In her teens, the performer found solace in hip-hop, particularly the militant sounds of Public Enemy. But she wasn't interested in becoming a musician initially. Instead, she pursued visual art. M.I.A later did photography and graphics for Elastica's sophomore album, 2000's The Menace. She also traveled with the alternative British pop band, shooting a documentary of its tour that year.

It was while on the road with the band that the artist befriended Peaches, Elastica's opening act. The electronica star introduced the young graphic artist to the Roland MC-505, a beat sequencer. M.I.A. pondered a career change. In 2002, she put her camera down to concentrate on music.

"When I came to landing [the Roland], I figured out that Peaches had done everything there was to do on it," M.I.A. says. "So I wanted the music to be really hard."

In 2004, she crafted her first song: "Galang," Jamaican slang for "go on." The single, which also appears on Arular, was first released on a mixtape and eventually generated heat in London clubs. She collaborated with Philadelphia DJ-producer Diplo on Online Piracy Funds Terrorism Vol. 1, a mixtape that had the underground international music scene abuzz last year. The major labels soon came knocking, and M.I.A. signed with Interscope earlier this year.

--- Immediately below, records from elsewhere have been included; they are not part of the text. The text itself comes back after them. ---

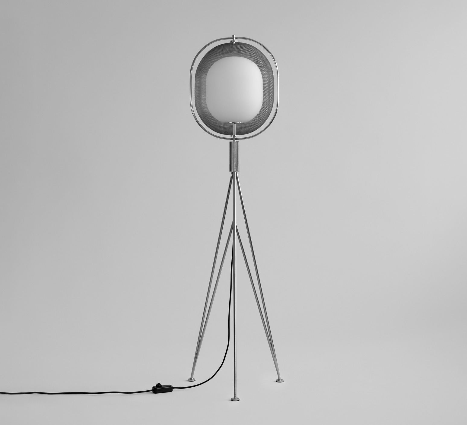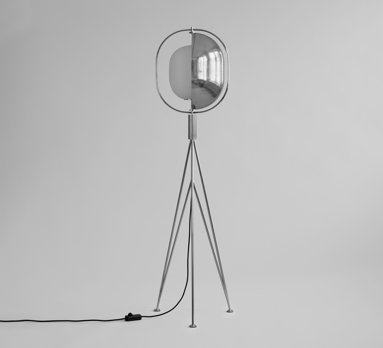 Le lampadaire Pearl de 101 Copenhagen, issu de la collection Pearl conçue par Kristian Sofus Hansen et Tommy Hyldahl, propose une approche décorative intérieure alliant graphisme et lumière diffuse.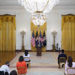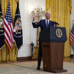 The scene for Biden’s press conference was very different from what Americans are used to seeing at such events. The president still stood behind a podium in the East Room against a backdrop of flags. But due to the pandemic, the White House limited attendance and only 30 socially distanced chairs for journalists were spread out in the expansive room.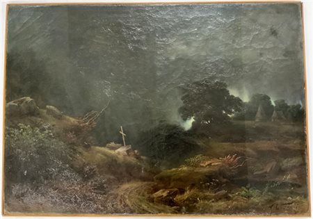 Da Massimo D'Azeglio (Torino 1798 - 1866) - " Paesaggio notturno", olio su tela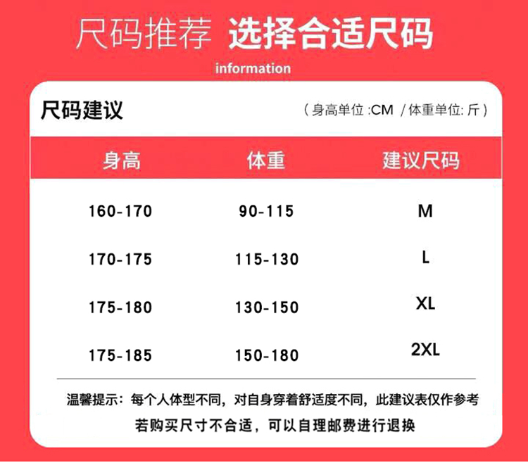 尺码 2XL L M XL
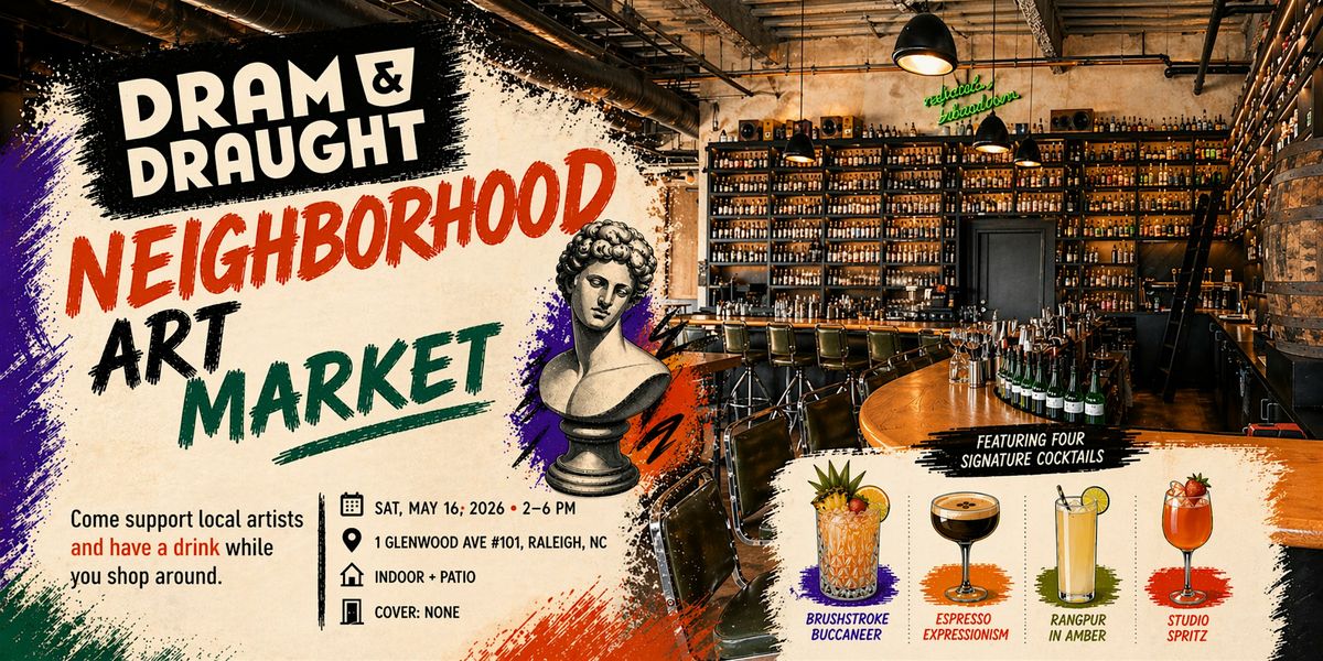Join us for a vibrant Neighborhood Art Market at Dram & Draught Raleigh, where creativity meets cocktails for an unforgettable experience!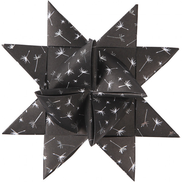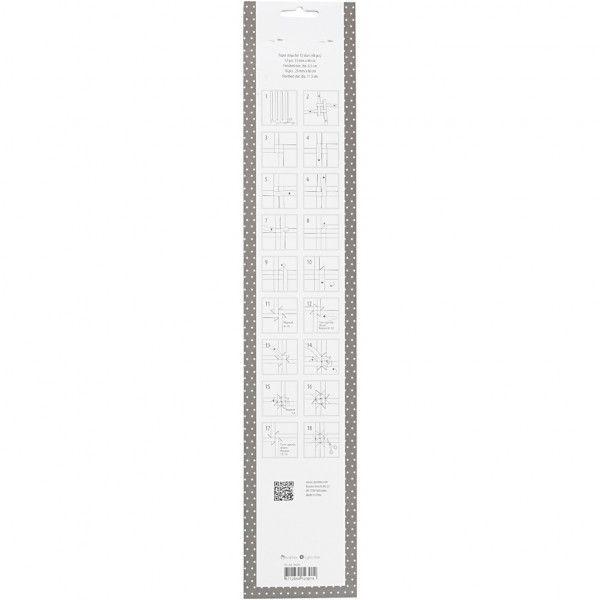 An assortment of two-dimensional multi-coloured paper strips with 2-sided paper in a total of four different designs with 2-sided printing and fine details in metallic foil. Diameter indicates the finish stars' size. Instructions included.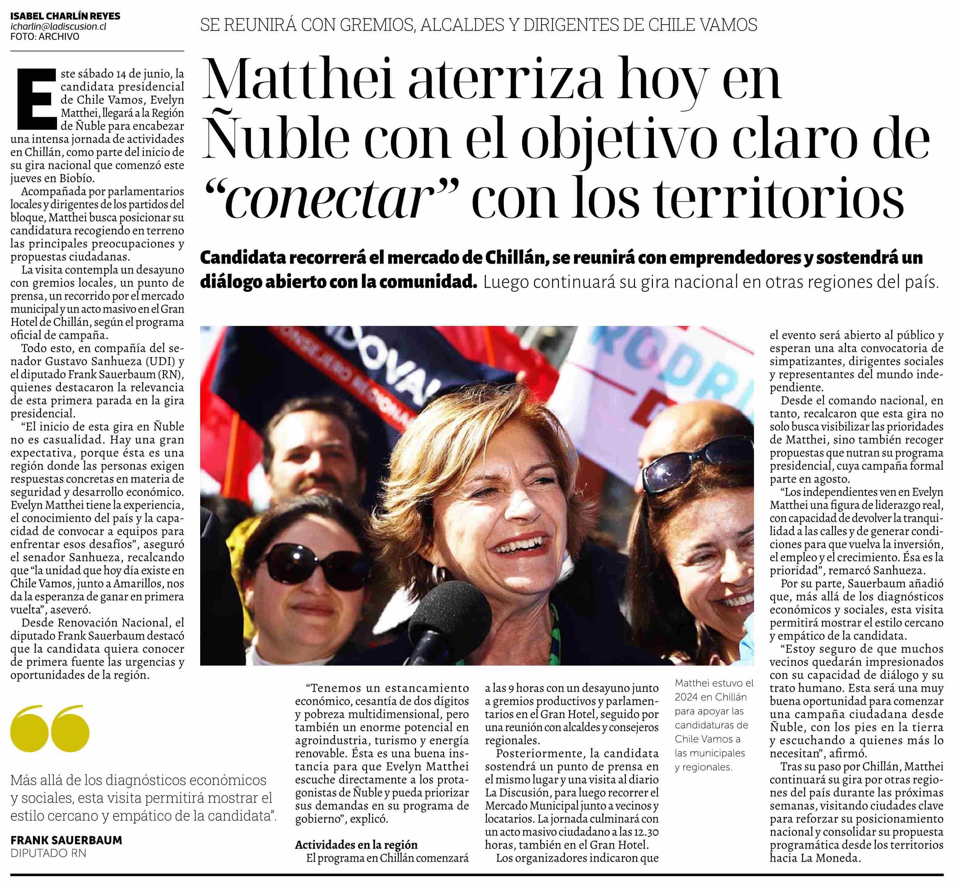 Matthei aterriza hoy en Ñuble con el objetivo claro de “conectar” con los territorios 14-06-2025 La Discusión |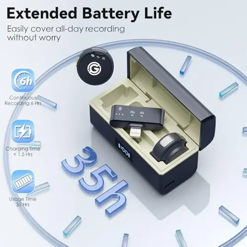 Achieve professional sound quality on your iPhone 14/13/12 devices and other Lightning-enabled devices with the Gamiity Wireless Lavalier Microphone! This stylish Sapphire Blue mini lapel microphone is the perfect combination of wireless freedom and superior audio performance. Whether you're recording video, live streaming, or recording an important interview, the Gamiity microphone is designed to deliver the best results every time. With superior Hi-Fi sound quality, advanced noise cancellation, and long battery life, this microphone allows you to express yourself in the best way possible without limiting your creativity. Thanks to its compact and lightweight design, you can easily carry it anywhere and start using it quickly. The Gamiity Wireless Lavalier Microphone is an indispensable accessory for your iPhone and other Lightning-enabled devices. Take your content to the next level with the professional sound quality offered by the Gamiity microphone. Whether you're podcasting, shooting YouTube videos, or creating TikTok content, this microphone always delivers the best audio experience. With the one-touch noise cancellation feature, you can easily eliminate unwanted background noise and achieve crystal-clear sound recordings. The 65dB signal-to-noise ratio guarantees excellent audio signals with minimal background noise. Thanks to its omnidirectional design, you can make professional-quality recordings in all kinds of scenarios, from street interviews to live broadcasts, from video recordings to inspiring moments. The Gamiity Wireless Lavalier Microphone has a special design that combines elegance and functionality. Weighing only 9 grams, this extremely lightweight miniature microphone can be easily attached to your clothes and used anywhere you want. Thanks to its unique magnetic clip and back clip, it can be easily attached to any garment. In addition, its necklace-style design reflects your personal style and meets all your recording needs. Without the need for complex setups, simply plug the receiver into your device. The Gamiity microphone connects automatically and is ready to use. It does not require Bluetooth or any application. Advanced 2.4 GHz digital transmission technology provides reliable wireless audio. With a 6-hour battery life, this microphone offers a total of up to 35 hours of use with the smart charging case. You can easily track the battery status via the LED display. You can also charge your device via RX for uninterrupted use. This feature is ideal for outdoor events or long-term live broadcasts.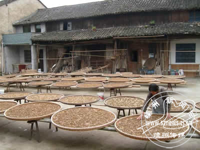 这些天来,三界镇杜联村农妇张凤招趁着晴好的天气把自种的竹笋和自制的咸菜混合熟煮后, 热气腾腾地撒在一个个竹编上进行干晒,家中的庭院成为晒笋干菜的最佳场所,“与张大妈一样,我们全村现在都在制笋干菜,而制出的笋干菜大都销往大上海。”村主任杜志军高兴地对笔者说。

About the defiant, visceral sound of her music, the performer says, "I need to feel. This world is so geared up to make things so safe and sterile. I needed to find a way to keep things feeling the way they do in life. ... With this album, I needed to feel different things like I'm in the jungle, the Caribbean. Humans need rhythm."

Although, the dark-eyed beauty has yet to break onto mainstream radio or MTV with her brutal mix, M.I.A. says she's fine with floating under the radar.

"I'm on the cusp now," she says. "And I'm savoring it. It's nice to be in the making. You can shake up the industry without getting bored."